Task to carry out:
I need every line from the start of the material below up to and including the line containing "아디다스는 이번 ‘태극7’의", restated exactly, with the pictures omitted.

Data records:
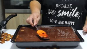 - GlazuraČokoladu, puter i mleko otopite na pari.Mešajte dok ne dobijete sjajnu, homogenu glazuru.Prelijte preko sečenih kocki u tankom sloju.Ostavite da se ohladi i stegne pre služenja.
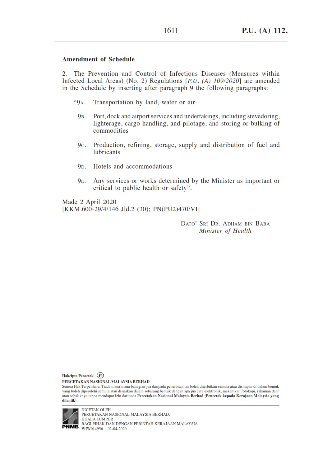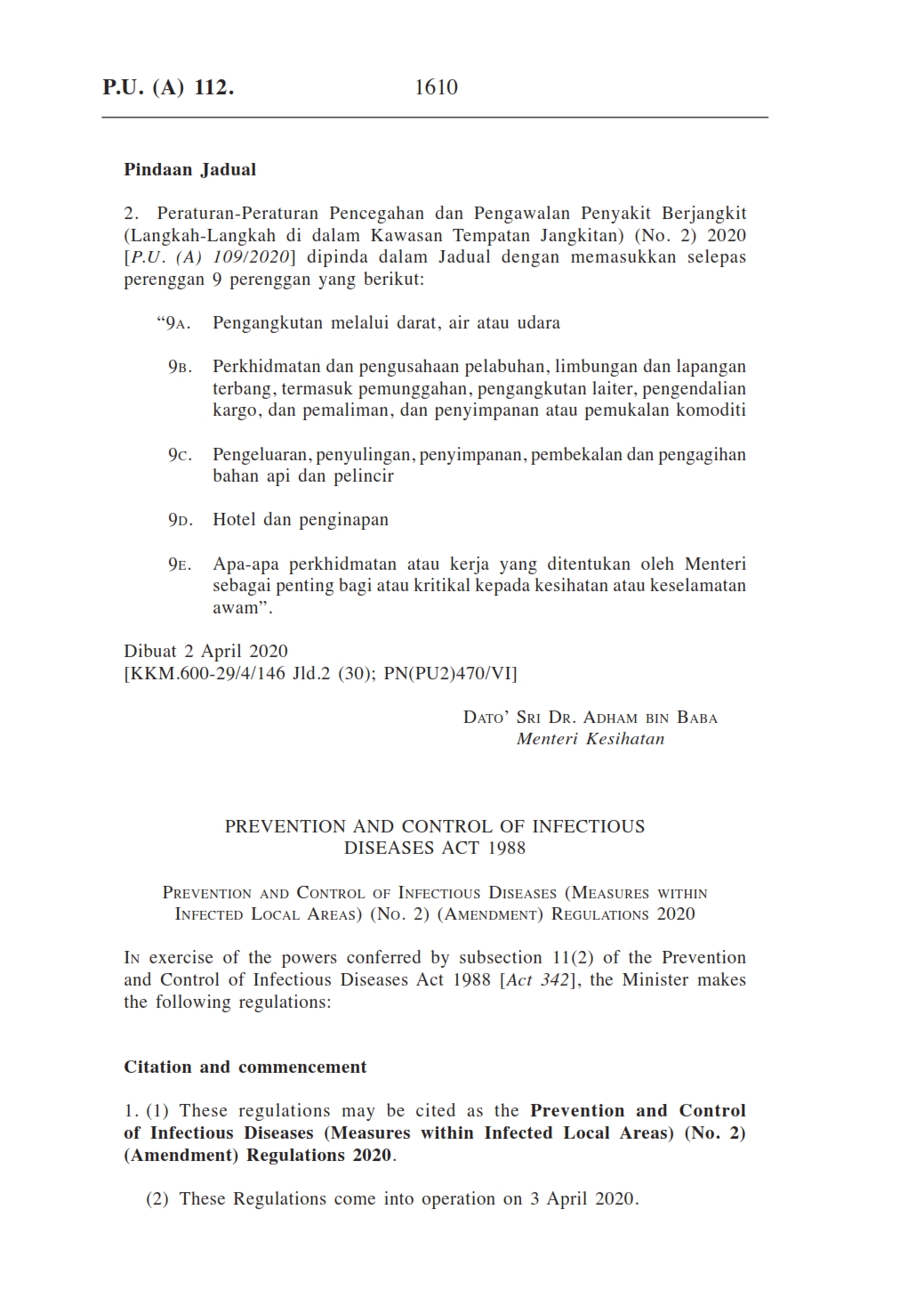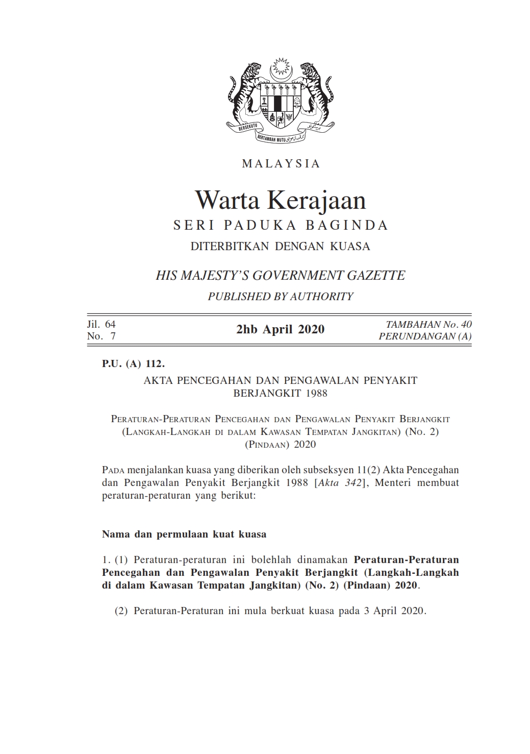 Warta Kerajaan: Akta Pencegahan Dan Pengawalan Penyakit Berjangkit 1988 02/04/2020 Aiman Siaran Media 02 April 2020 Jumlah paparan: 1794 Rating: ( 0 Rating ) Sila beri kadar Undi 1 Undi 2 Undi 3 Undi 4 Undi 5 Lihat / Muat Turun PDF Facebook Twitter Seterusnya Seterusnya
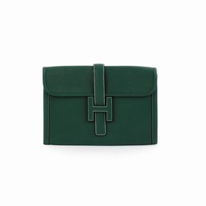 misure 29x20x2 cm. anni 80 circa in pelle verde, interno in tela beige ad uno scomparto, chiusura H in pelle [..]
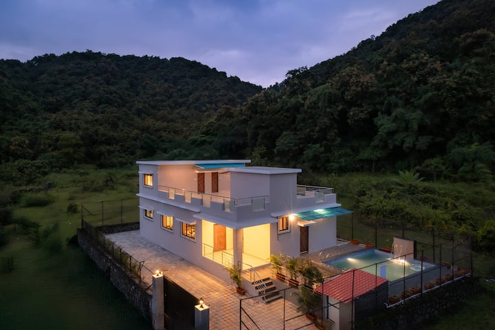 Hilltop 3 bhk Getaway с басейн, тераса и гледка към хълмовете
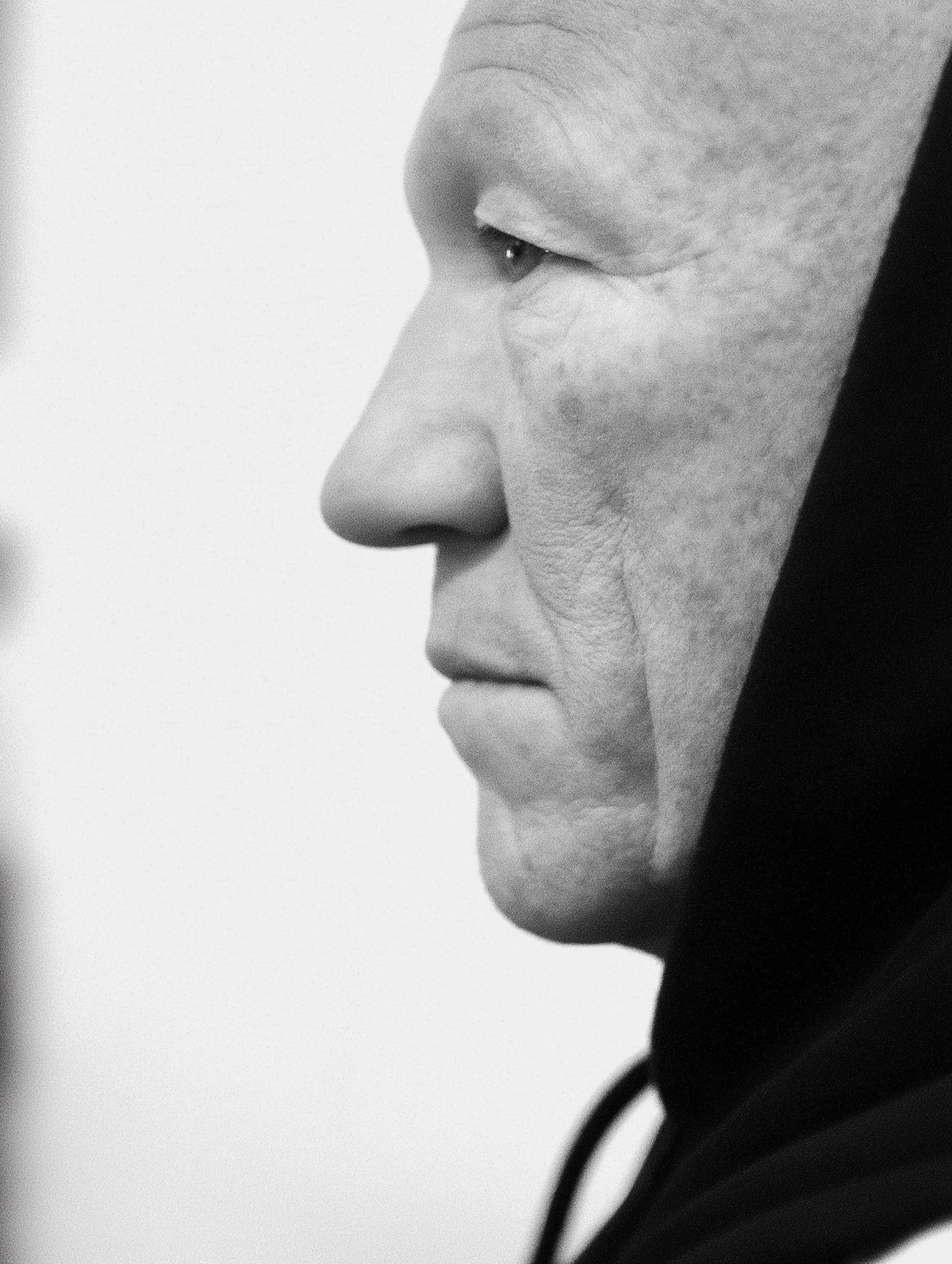 Side profile black-and-white portrait of an elderly person in a hoodie, highlighting facial features and textures against a light background.
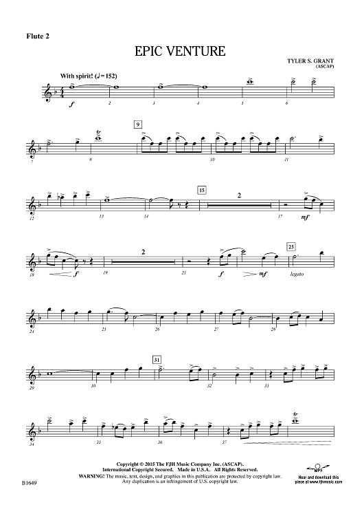 Digital Sheet Music for Epic Venture - Flute 2 by Tyler S. Grant scored for Concert Band; id:455373
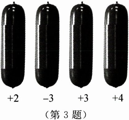3. 市场监督管理局对某品牌火腿肠的抽检中,有四包真空小包装火腿肠,每包以标准克数(450 g)为基准,超过的克数记作正数,不足的克数记作负数.已知抽检结果(单位:g)如图所示,其中实际克数最接近标准克数的是 (
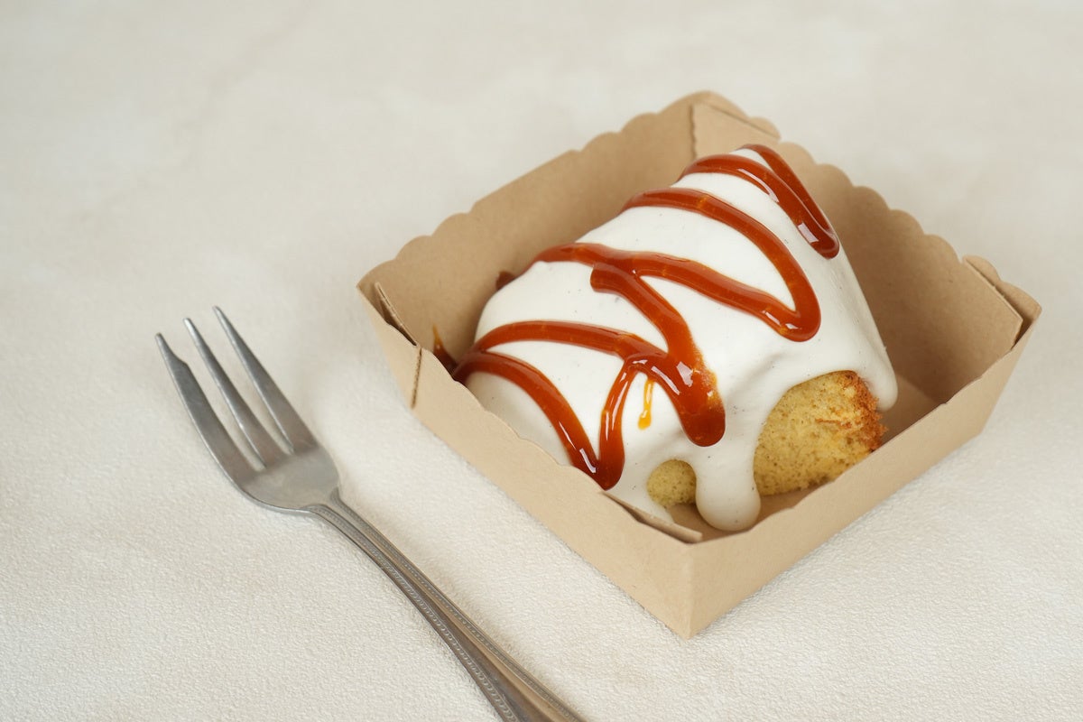 苦みの利いたキャラメルソースがクリームの甘みと重なり合い、飽きの来ない味わいを生み出しています。
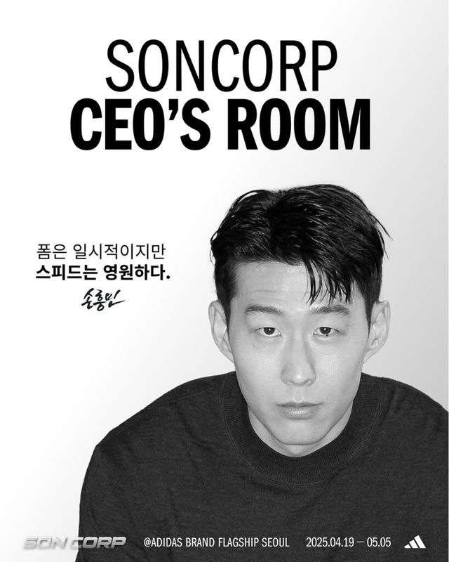 아디다스는 이번 ‘태극7’의 론칭을 기념해 4월 19일부터 5월 5일까지 아디다스 브랜드 플래그십 서울에서 ‘SON CORP’ 콘셉트의 SON CORP CEO’S ROOM 팝업 이벤트를 진행합니다. 이번 팝업은 ‘SON CORP’의 CEO인 손흥민의 방을 구현한 전시 공간으로 구성되었습니다. 손흥민의 커리어를 확인할 수 있는 전시와 함께 그의 소장품을 직접 만나볼 수 있어 특별한 의미를 더했죠. 월드컵 데뷔전과 EPL 골든부츠 수상, EFL 코너킥 골 당시 착용했던 축구화 10족과 함부르크 SV, 레버쿠젠 소속 시절 중요한 골들을 기록한 경기에서 착용한 유니폼 10착, 그리고 두 번째 시그니처 축구화 ‘태극7’ 등 손흥민의 역사적인 순간들을 생생하게 전합니다.
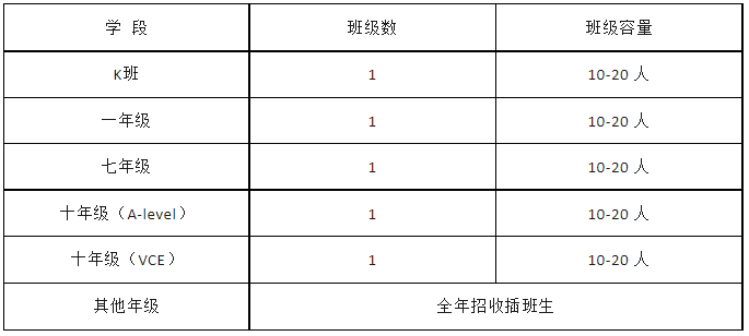 学校招收外籍、港澳台及持有外国长居身份的K班(5-6岁)及1-12年级学生,1-6年级为小学,7-9年级为初中,10-12年级为高中。如不清楚是否符合招生条件,请向招生老师咨询。

Response box:
 - GlazuraČokoladu, puter i mleko otopite na pari.Mešajte dok ne dobijete sjajnu, homogenu glazuru.Prelijte preko sečenih kocki u tankom sloju.Ostavite da se ohladi i stegne pre služenja.
 Warta Kerajaan: Akta Pencegahan Dan Pengawalan Penyakit Berjangkit 1988 02/04/2020 Aiman Siaran Media 02 April 2020 Jumlah paparan: 1794 Rating: ( 0 Rating ) Sila beri kadar Undi 1 Undi 2 Undi 3 Undi 4 Undi 5 Lihat / Muat Turun PDF Facebook Twitter Seterusnya Seterusnya
 misure 29x20x2 cm. anni 80 circa in pelle verde, interno in tela beige ad uno scomparto, chiusura H in pelle [..]
 Hilltop 3 bhk Getaway с басейн, тераса и гледка към хълмовете
 Side profile black-and-white portrait of an elderly person in a hoodie, highlighting facial features and textures against a light background.
 Digital Sheet Music for Epic Venture - Flute 2 by Tyler S. Grant scored for Concert Band; id:455373
3. 市场监督管理局对某品牌火腿肠的抽检中,有四包真空小包装火腿肠,每包以标准克数(450 g)为基准,超过的克数记作正数,不足的克数记作负数.已知抽检结果(单位:g)如图所示,其中实际克数最接近标准克数的是 (
 苦みの利いたキャラメルソースがクリームの甘みと重なり合い、飽きの来ない味わいを生み出しています。
 아디다스는 이번 ‘태극7’의 론칭을 기념해 4월 19일부터 5월 5일까지 아디다스 브랜드 플래그십 서울에서 ‘SON CORP’ 콘셉트의 SON CORP CEO’S ROOM 팝업 이벤트를 진행합니다. 이번 팝업은 ‘SON CORP’의 CEO인 손흥민의 방을 구현한 전시 공간으로 구성되었습니다. 손흥민의 커리어를 확인할 수 있는 전시와 함께 그의 소장품을 직접 만나볼 수 있어 특별한 의미를 더했죠. 월드컵 데뷔전과 EPL 골든부츠 수상, EFL 코너킥 골 당시 착용했던 축구화 10족과 함부르크 SV, 레버쿠젠 소속 시절 중요한 골들을 기록한 경기에서 착용한 유니폼 10착, 그리고 두 번째 시그니처 축구화 ‘태극7’ 등 손흥민의 역사적인 순간들을 생생하게 전합니다.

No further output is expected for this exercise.